For the material below, reproduce exactly each line from the one that has "为了创造出扎根于实用主义服装的风格,sacai 与 Carhartt" through the one that has "The EC135 features", and no others; pictures stay out.

--------

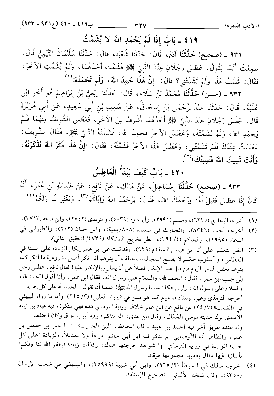 931 - حَدَّثَنَا آدَمُ، قَالَ: حَدَّثَنَا شُعْبَةُ، قَالَ: حَدَّثَنَا سُلَيْمَانُ التَّيْمِيُّ, قَالَ: سَمِعْتُ أَنَسًا يَقُولُ: عَطَسَ رَجُلاَنِ عِنْدَ النَّبِيِّ صَلَّى اللهُ عَلَيهِ وَسَلَّمَ فَشَمَّتَ أَحَدَهُمَا، وَلَمْ يُشَمِّتِ الآخَرَ، فَقَالَ: شَمَّتَّ هَذَا وَلَمْ تُشَمِّتْنِي؟ قَالَ: إِنَّ هَذَا حَمِدَ اللهَ، وَلَمْ تَحْمَدْهُ.
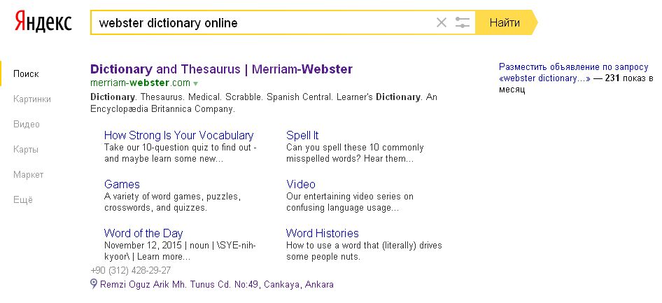 Яндекс показывает, что Merriam-Webster — это подразделение Энциклопедии Британника со штаб-квартирой в Турции.
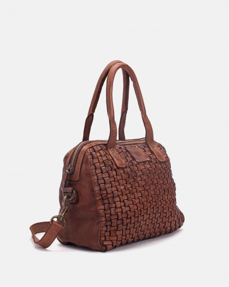 WASHED, VEGETABLE-TANNED, AND HAND-BRAIDED COWHIDE LEATHER BOWLING BAG. HANDLES, ADJUSTABLE AND REMOVABLE SHOULDER STRAP, ZIP CLOSURE, INTERNAL AND EXTERNAL POCKETS, AND COTTON LINING.
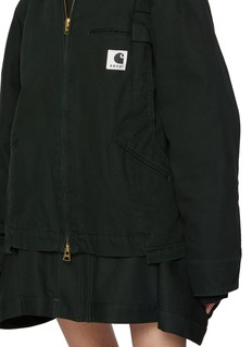 为了创造出扎根于实用主义服装的风格,sacai 与 Carhartt WIP 合作,将其耐磨、实用的风格和面料与 sacai 独特的设计语言相结合,重新解构工装元素。这款夹克以标志性下笔不规则拼接廓形融入挺阔面料,搭配口袋与金属细节,为经典工装格调注入俏皮气质。
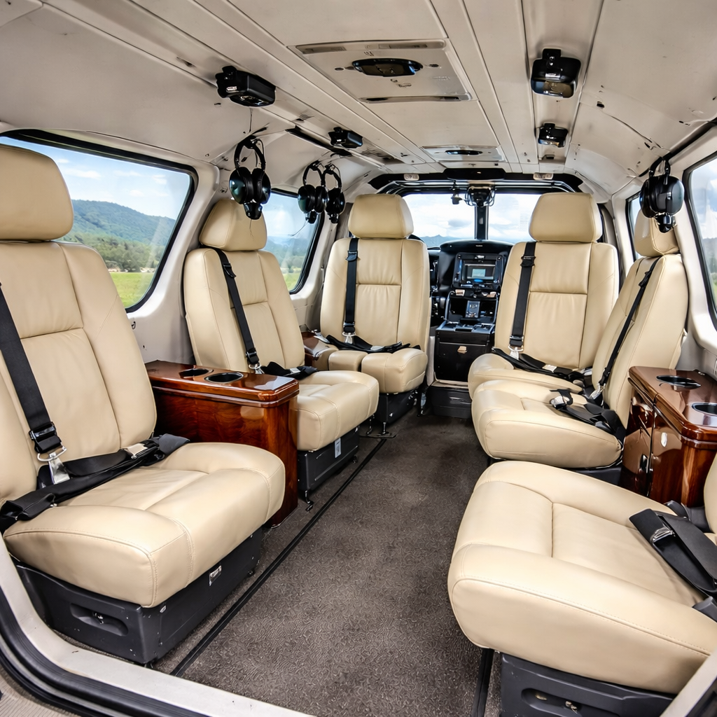 The EC135 features a modern and quiet cabin with comfortable seating for up to six passengers. Its flat floor design, large windows, and low vibration levels create a smooth and pleasant flying experience ideal for executive and VIP travel.
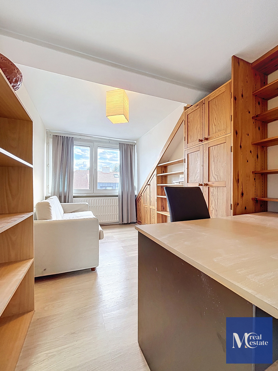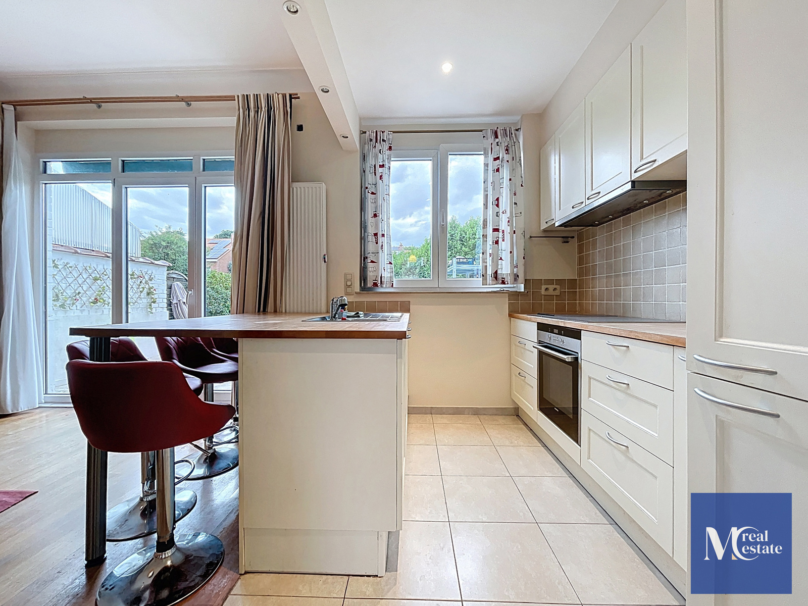 Quartier Sainte-Alix, agréable et lumineuse maison de type Bel-étage MEUBLEE de +/-158m2. Elle se compose d’un hall d’entrée avec WC séparé, séjour avec feu-ouvert à cassette et salle à manger, cuisine super-équipée (four, lave-vaisselle, frigo, congélateur, double évier, taque induction, hotte), accès terrasse et au jardin orientée Nord-Ouest. Au 1er étage : hall de nuit, 2 chambres (16m2 et 13m2), dressing de 6m2, salle de bains avec toilette rénovée (2025). Au 2ème étage : espace polyvalent de 9m2, 2 chambres (12m2-10m2) avec volets, salle de douche. Sous-sol : garage avec porte automatique, caves, chaufferie, accès jardin. Libre. CPEB : E-. Toiture récente et isolée, double vitrage, citerne d’eau de pluie, chauffage au gaz. Info et visite 0478 35 73 88
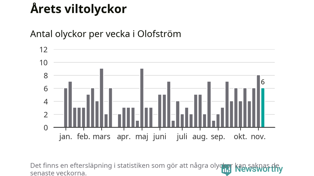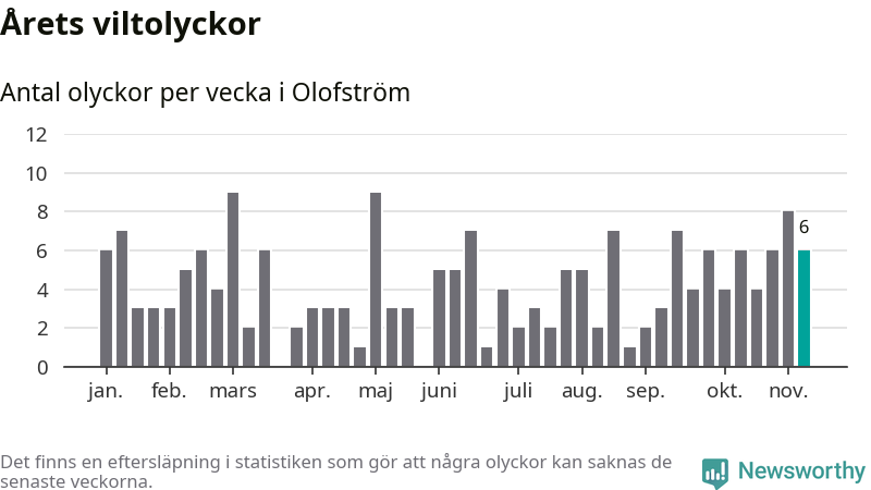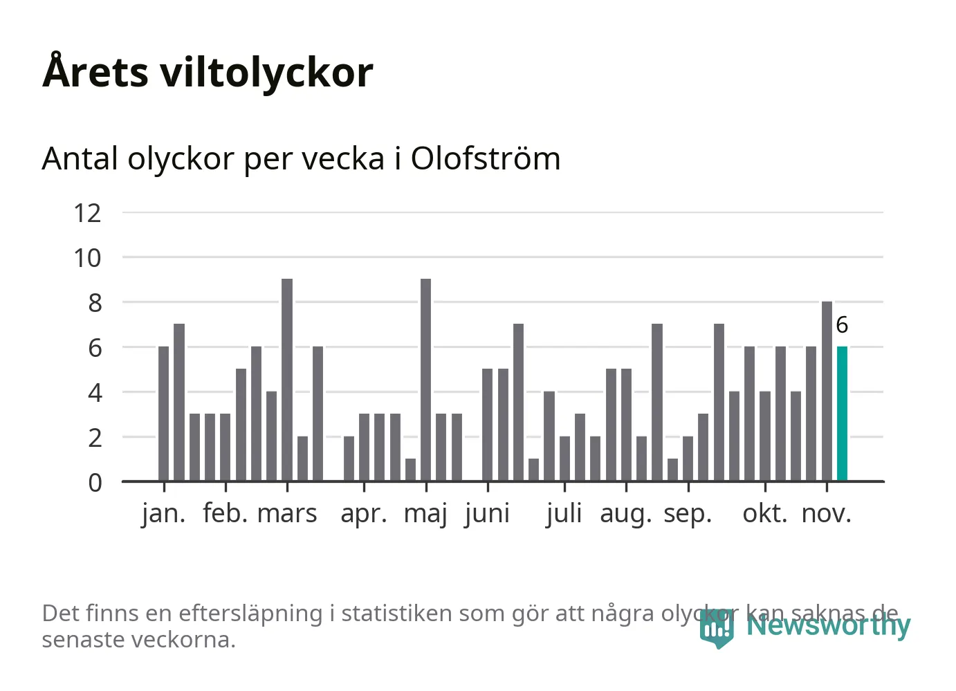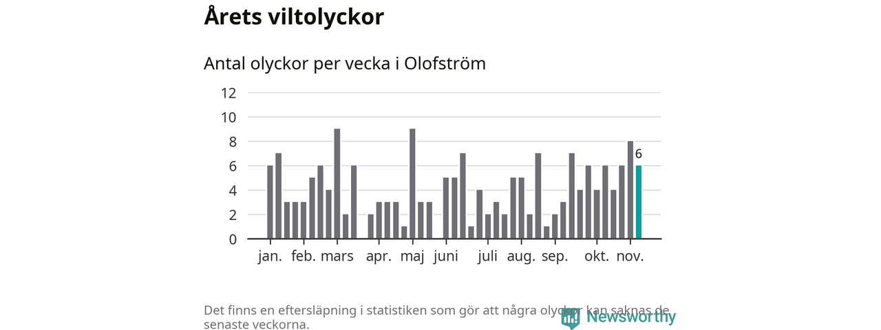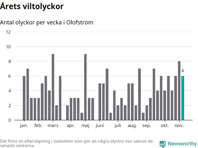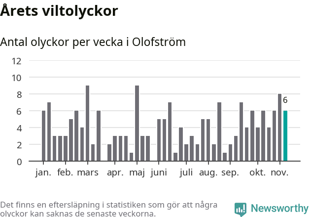Hittills har sex viltolyckor rapporterats in i Olofströms kommun från vecka 46. Se listan här.

--------

▶ **Result for this exercise**:
 为了创造出扎根于实用主义服装的风格,sacai 与 Carhartt WIP 合作,将其耐磨、实用的风格和面料与 sacai 独特的设计语言相结合,重新解构工装元素。这款夹克以标志性下笔不规则拼接廓形融入挺阔面料,搭配口袋与金属细节,为经典工装格调注入俏皮气质。
 The EC135 features a modern and quiet cabin with comfortable seating for up to six passengers. Its flat floor design, large windows, and low vibration levels create a smooth and pleasant flying experience ideal for executive and VIP travel.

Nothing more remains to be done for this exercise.